-- Task statement --
In the records below, find the line containing "The Door in the Wall and" and transcribe it and every line after it exactly; leave the pictures out.
□ □ □ □
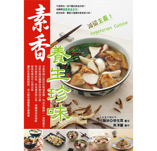 一個平凡的家庭主婦, 對於美食, 尤其是素食, 非常喜歡研究, 只要遇到好吃或新奇的料理, 一定會記住它的味道, 並親自下廚把原汁原味的感覺做出來, 同時也樂於與親朋好友分享成果, 這是作者研發及設計各式美味佳餚的最大動力.希望透過簡單、輕鬆的料理製作方式, 讓您在享受藥膳素的美味時, 也享受健康活力.
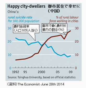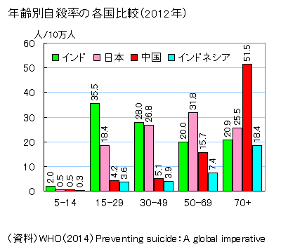 (男女別構造) 図録2772参照。ここに男女計、及び男女別の値や順位を掲載している。 (各国事情) WHOのデータ公表を受けて毎日新聞2004年10月2日では自殺に関して各国駐在員の報告をまとめている。この記事をはじめとしてその後の報道などから各国事情についてコメントする。(主要国の自殺率長期推移については図録2774参照) −ロシア・リトアニア 旧ソ連に属する両国では男性の自殺率が女性の約6倍と高く、特に45〜54歳の自殺率が高い。体制移行に伴うストレス増大の影響からか、男性の自殺の原因はアルコールが筆頭にあげられている。ロシアでは男性の平均寿命が58.4歳と極めて低く(2002年データ、WHOによる。女性は72.1歳)、異常な寿命低下が厭世観をさらに募らせている悪循環の存在を指摘する人口学者もいるという。もっとも、旧ソ連地域ではソ連時代の1980年代から自殺率は世界の上位にあり、91年末のソ連崩壊に伴う社会混乱にだけもっぱら要因を求めることは出来ない。 −フィンランド フィンランドは自殺率(10万人当たり自殺者数)が1950年の15.5から徐々に上昇し、90年には30.3の高率となり、ハンガリーなどと並ぶ自殺大国となった。狩猟に多くの国民が親しむ国柄ゆえ、銃の所持率が高いうえ、男性は「たくましくあれ」と育てられ、周囲に相談する習慣がなかったことに高い自殺率の原因が求められた。政府は86年から対策に本腰を入れた。96年までに自殺者20%減の目標を掲げ、各界の専門家を動員し、87年の自殺者の家族全員に対する調査による要因の洗い出しを踏まえて、未遂者への公的ケア、アルコール過剰摂取防止など多くの行動計画を策定し、それらを実施に移した結果、現在では、日本を下回る世界15位の20.1人にまで自殺率を低下させることに成功した。 −日本 日本の自殺率の高さについては、WHO精神保健部ホセ・ベルトロテ博士はこう言っている。「日本では、自殺が文化の一部になっているように見える。直接の原因は過労や失業、倒産、いじめなどだが、自殺によって自身の名誉を守る、責任を取る、といった倫理規範として自殺がとらえられている。これは他のアジア諸国やキューバでもみられる傾向だ。」こうした点は当の国の人間では気づきにくい見方かと思われる。(自殺許容度と実際の自殺率との相関を図録2784に掲げた。) 英エコノミスト誌(2008.5.3)は女子生徒の硫化水素ガス自殺(4月23日)の紹介からはじまる「日本人の自殺−死は誇らしいか」という記事で日本の自殺率の高さについて論評している。経済的な要因についてもふれているが、記事の主眼は日本人の文化的な要因、あるいは社会的特性であり、上記の見方と共通している。「日本社会は失敗や破産の恥をさらすことから立ち直ることをめったに許容しない。自殺は運命に直面して逃げない行為として承認されることさえある。サムライは自殺を気高いものと見なす(たとえ、それが捕虜となってとんでもない扱いを受けないための利己心からだとはいえ)。仏教や神道といった日本の中心宗教は明確に自殺を禁じていたアブラハム系信仰と異なって、自殺に対して中立的である。」日本政府は9年間に自殺率20%減を目標にカウンセリングなどの自殺対策に昨年乗り出したが、同誌は、重要なのは社会の態度であると結論づけている。「一生の恥と思わせずにセカンドチャンスを許すよう社会が変われば、自殺は普通のことではなくなるであろう。」 −インド インドの自殺率は日本、ロシアなどに次いで高い水準にある。日本の自殺率の年齢別構造を調べてみると高齢者で高いという一般傾向より中年層の高さが目立っており、また、若年層の自殺率も低いとはいえない。しかし、若年層の自殺率の高さが日本より目立っているのはインドである(下図参照)。 ![]() インドでは自殺未遂や自殺を助長する行為までが、長年、犯罪とされており、政府は、場合によっては、ハンガーストライキを企てる活動家を投獄する手段としてこの禁止法を乱用したこともあったという。実際にこの法が適用されることは少なかったとはいえ、投獄の恐れから、自殺を予防するための精神的な病的状態への医療的ケアが難しくなり、また、自殺対策に対して人的、財政的な資源配分が行いにくい状況にあった。こうした状況を改善するため、インド下院では、一連のメンタルヘルス改革対策を講ずる法案を2017年3月27日に通過させ、その中で、自殺未遂を犯罪としない法案も含めることになったという(The Economist April 1st 2017)。アジアでは自殺は精神的な問題というより経済的な問題への衝動的行動と見なされ、対策も農薬の入手制限などが主だったが、他国と異なり自殺予防対策が存在しなかったインドでも友人や医師とのつながりを通じた精神的な対策がやっと試みられるようになったといえよう。 −スリランカ 大陸の南東方向に位置する島国である日本、スリランカ、キューバの自殺率が何故か共通して高い。女性が書いたスリランカに関するブログを見
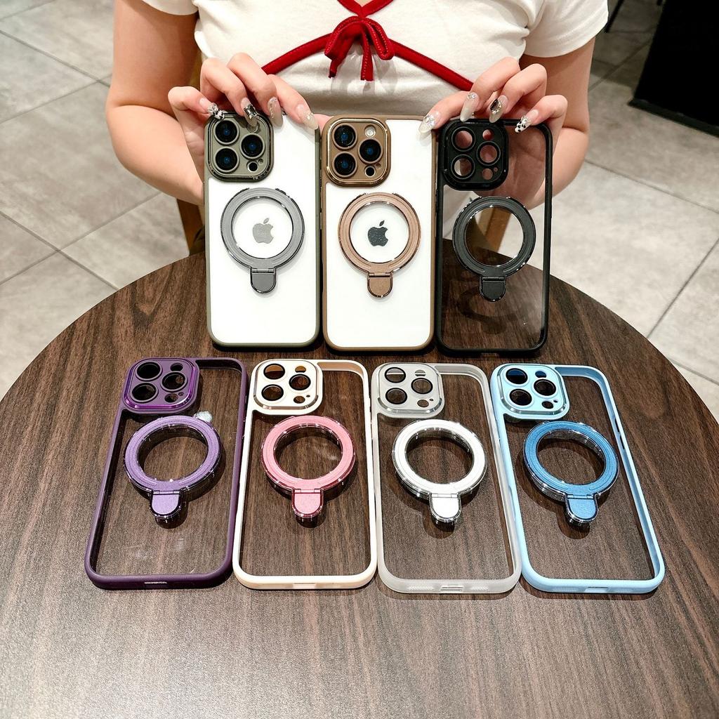For IPhone 16 Promax Phone Case Gold Shield Protective Mirror for Apple 15 Metal Magnetic Pivot Bracket 14
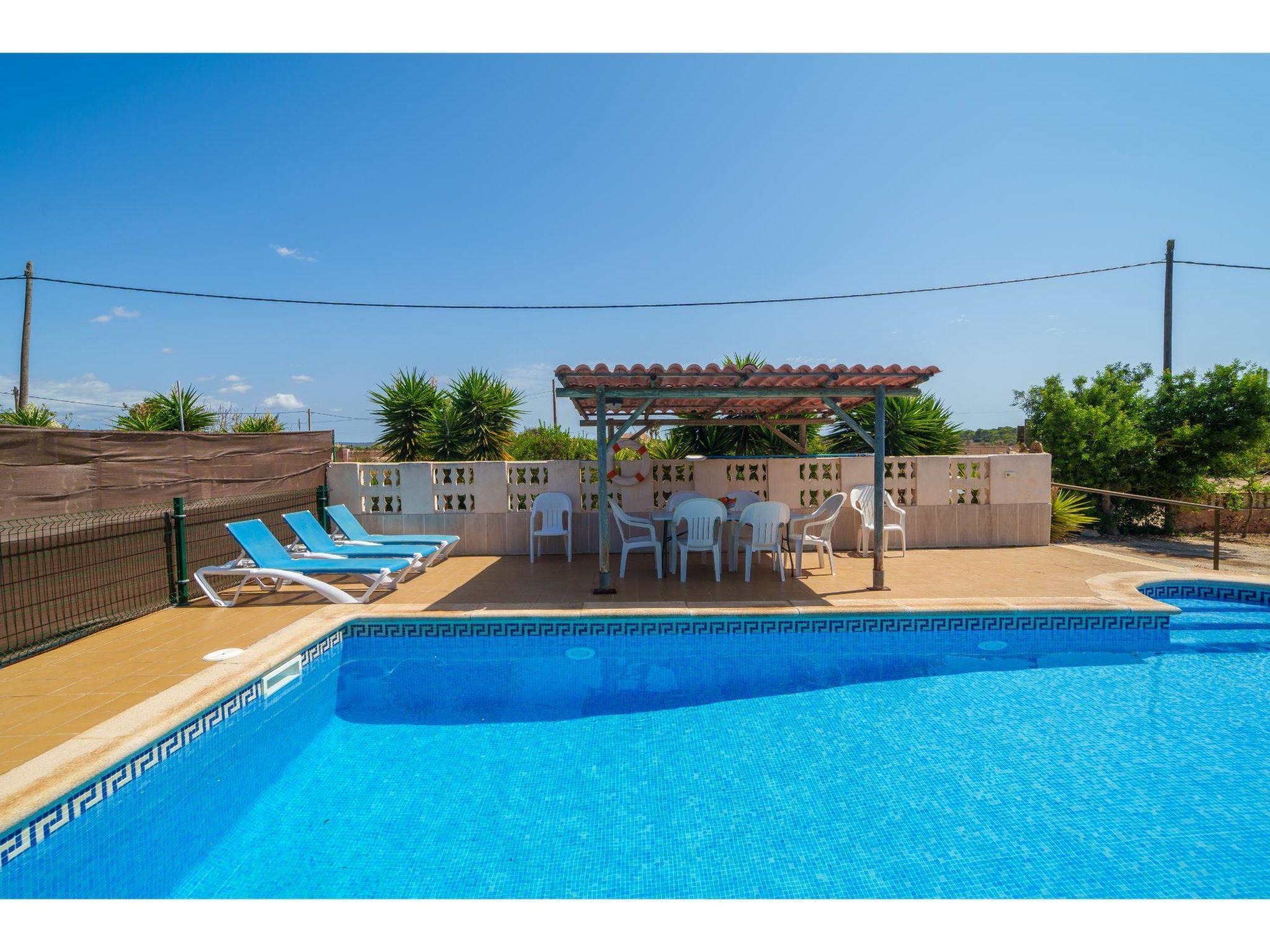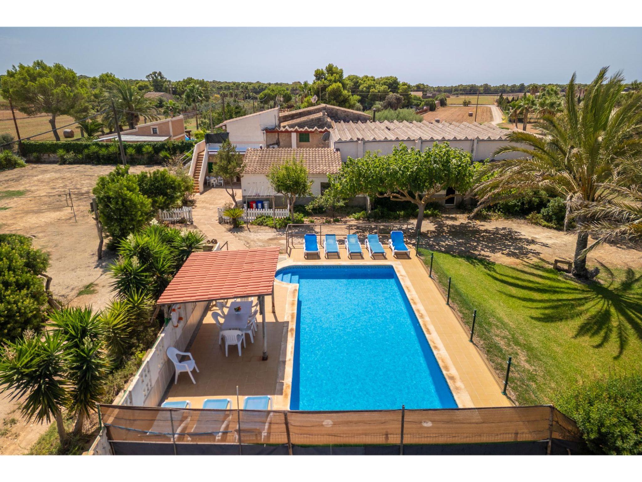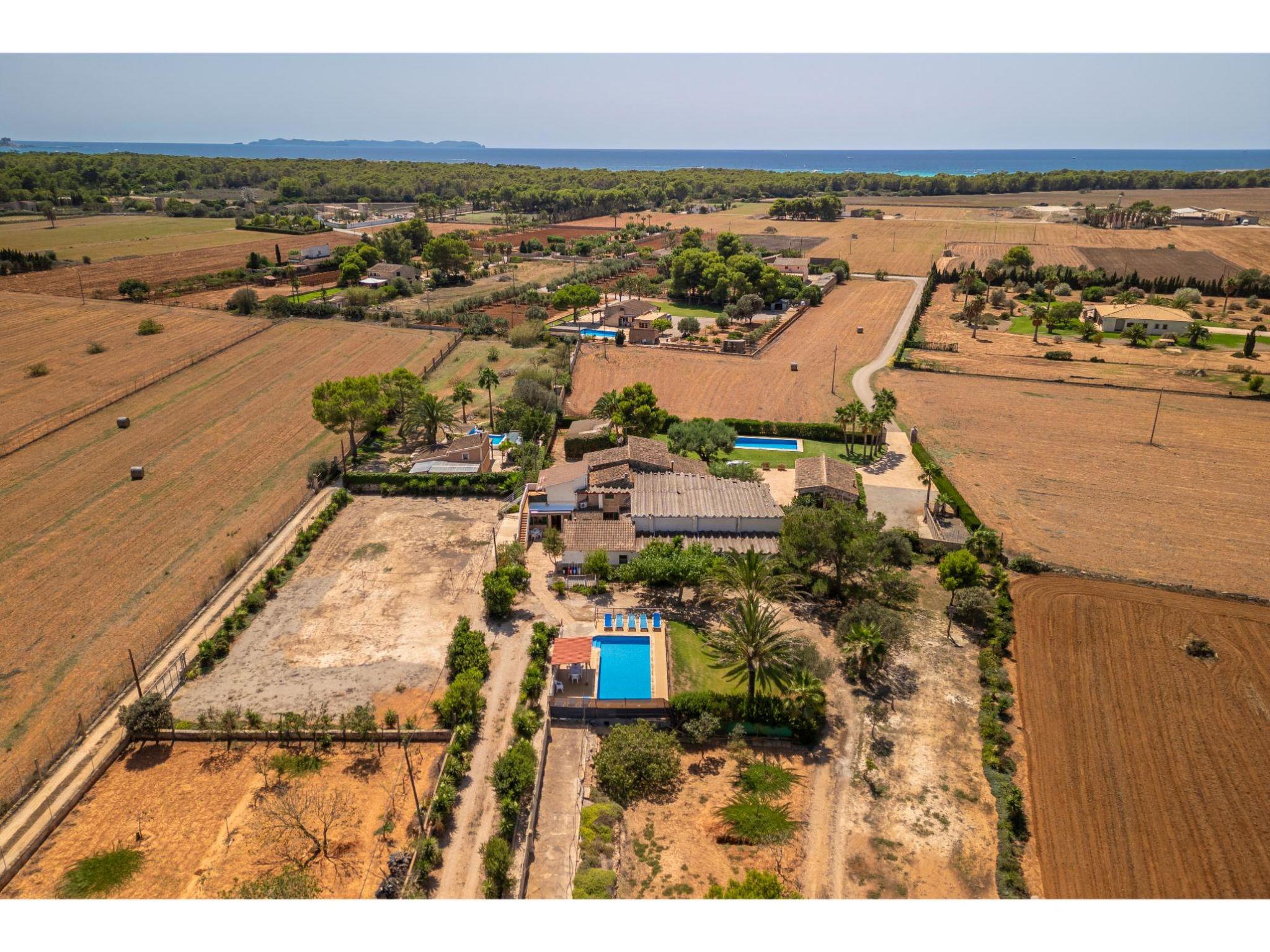 Sa Ràpita 12 km from Campos: Large, rustic, simple house "Cas Forner", surrounded by trees. Property composed of main house and outbuilding, 200 m from the edge of the forest, 1 km from the sea, 1.5 km from the beach, in the countryside. Private: property, garden, swimming pool angular (3 x 6 m, depth 150 cm, seasonal availability: 01.Mar. - 31.Oct.). Table tennis, volleyball, patio, pergola, garden furniture, barbecue, pool maintenance by the owner/gardener. In the house: WiFi, air conditioning, washing machine. Parking at the house. Shop 1.5 km, grocery 1.5 km, supermarket 1.5 km, shopping centre 12 km, restaurant 1.5 km, bar 1.5 km, bakery 1.5 km, café 1.5 km, pedestrian zone 400 m, bus stop "Sa Ràpita" 2.5 km, railway station "Manacor" 40 km, sandy beach "Ses Covetes" 1.5 km. Sports harbour 1 km, marina 1 km, golf course (18 hole) 20 km, sailing school 1.5 km, cycle lane 400 m. Nearby attractions: Ses Covetes 1.5 km, Sa ràpita 1 km, Campos 12 km, La cueva azul 2 km, Isla de Cabrera 2 km, El mercado 1.5 km. Please note: car recommended. Baby equipment. Object suitable for 8 adults. The owner does not accept any youth groups. Loading and unloading of baggage is possible at the holiday house. The owner lives on the same property. Motorway 20 km from the property. Airfield 40 km from the property.
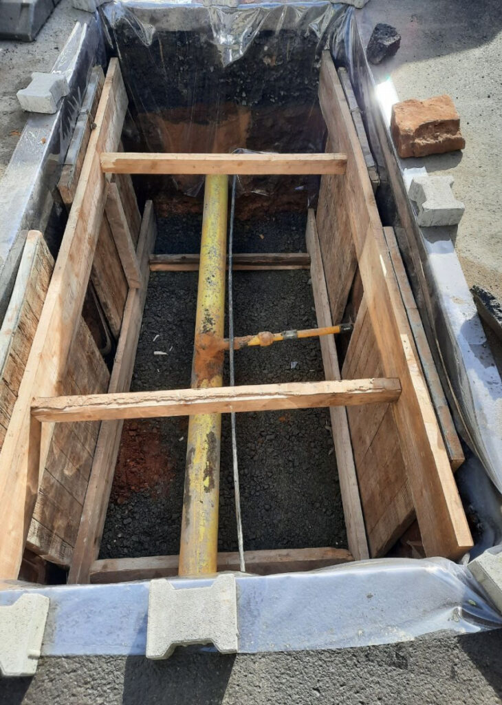 Nachdem die Baugrube vollständig geöffnet war, konnte unser Subunternehmer die Gasabtrennung problemlos ausführen. Anschließend wurde die Baugrube Schicht für Schicht ordnungsgemäß verfüllt. Danach wurde die Oberfläche asphaltiert und die Baustelle abgeschlossen.
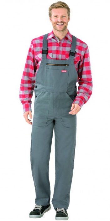 Brustlatz mit Messing-Reißverschluss, zusätzlich aufgesetzte Latztasche, 2 aufgesetzte, verstärkte Vordertaschen, 1 Gesäßtasche, 1 Maßstabtasche, verstellbare Seitenschlitze, Hosenschlitz mit Reißverschluss, hochgezogenes Rückenteil mit solide konstruiertem elastischen Zwischenteil, Sicherheitsschnallen an den Trägern.
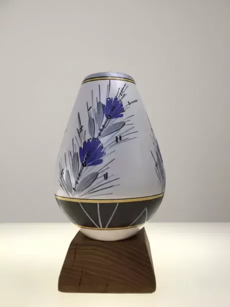 Deze vaas uit de jaren vijftig heeft het handgeschilderde Cora-decor, gekenmerkt door blauwpaarse korenbloemen. Deze vaas heeft geen groene zijkant. De vaas is aan de onderzijde genummerd met nr 1058.
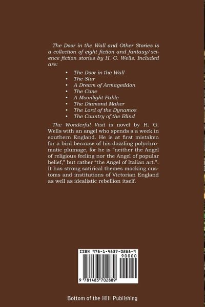 The Door in the Wall and Other Stories is a collection of eight fiction and fantasy/science fiction stories by H. G. Wells. Included are: The Door in the Wall, The Star, A Dream of Armageddon, The Cone, A Moonlight Fable, The Diamond Maker, The Lord of the Dynamos, The Country of the Blind. The Wonderful Visit is novel by H. G. Wells with an angel who spends a a week in southern England. He is at first mistaken for a bird because of his dazzling polychromatic plumage, for he is "neither the Angel of religious feeling nor the Angel of popular belief," but rather "the Angel of Italian art.". It has strong satirical themes mocking customs and institutions of Victorian England as well as idealistic rebellion itself.
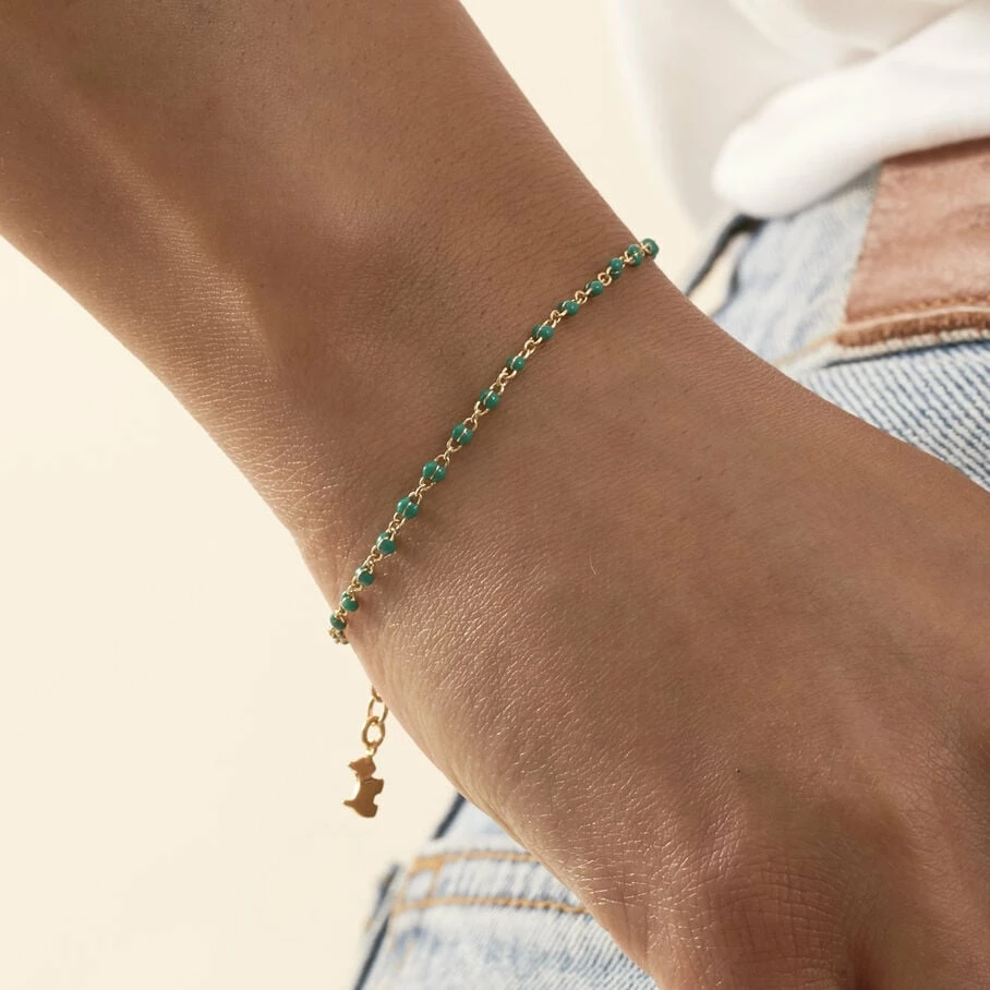 Bracelet, en laiton dorĂ© 750/1000, perles d’Ă©mail sur toute la longueur
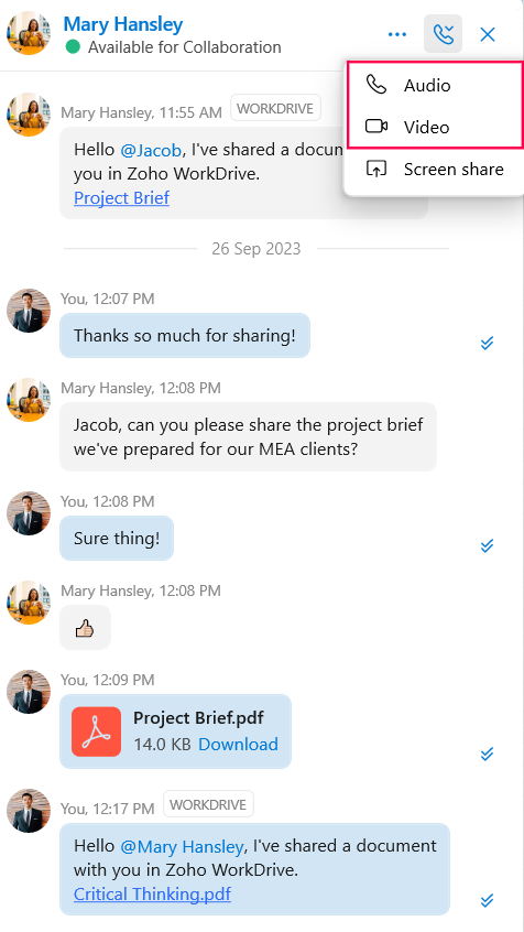 Choose between Audio Call or Video Call.
□ □ □ □
-- Expected answer --
 The Door in the Wall and Other Stories is a collection of eight fiction and fantasy/science fiction stories by H. G. Wells. Included are: The Door in the Wall, The Star, A Dream of Armageddon, The Cone, A Moonlight Fable, The Diamond Maker, The Lord of the Dynamos, The Country of the Blind. The Wonderful Visit is novel by H. G. Wells with an angel who spends a a week in southern England. He is at first mistaken for a bird because of his dazzling polychromatic plumage, for he is "neither the Angel of religious feeling nor the Angel of popular belief," but rather "the Angel of Italian art.". It has strong satirical themes mocking customs and institutions of Victorian England as well as idealistic rebellion itself.
 Bracelet, en laiton dorĂ© 750/1000, perles d’Ă©mail sur toute la longueur
 Choose between Audio Call or Video Call.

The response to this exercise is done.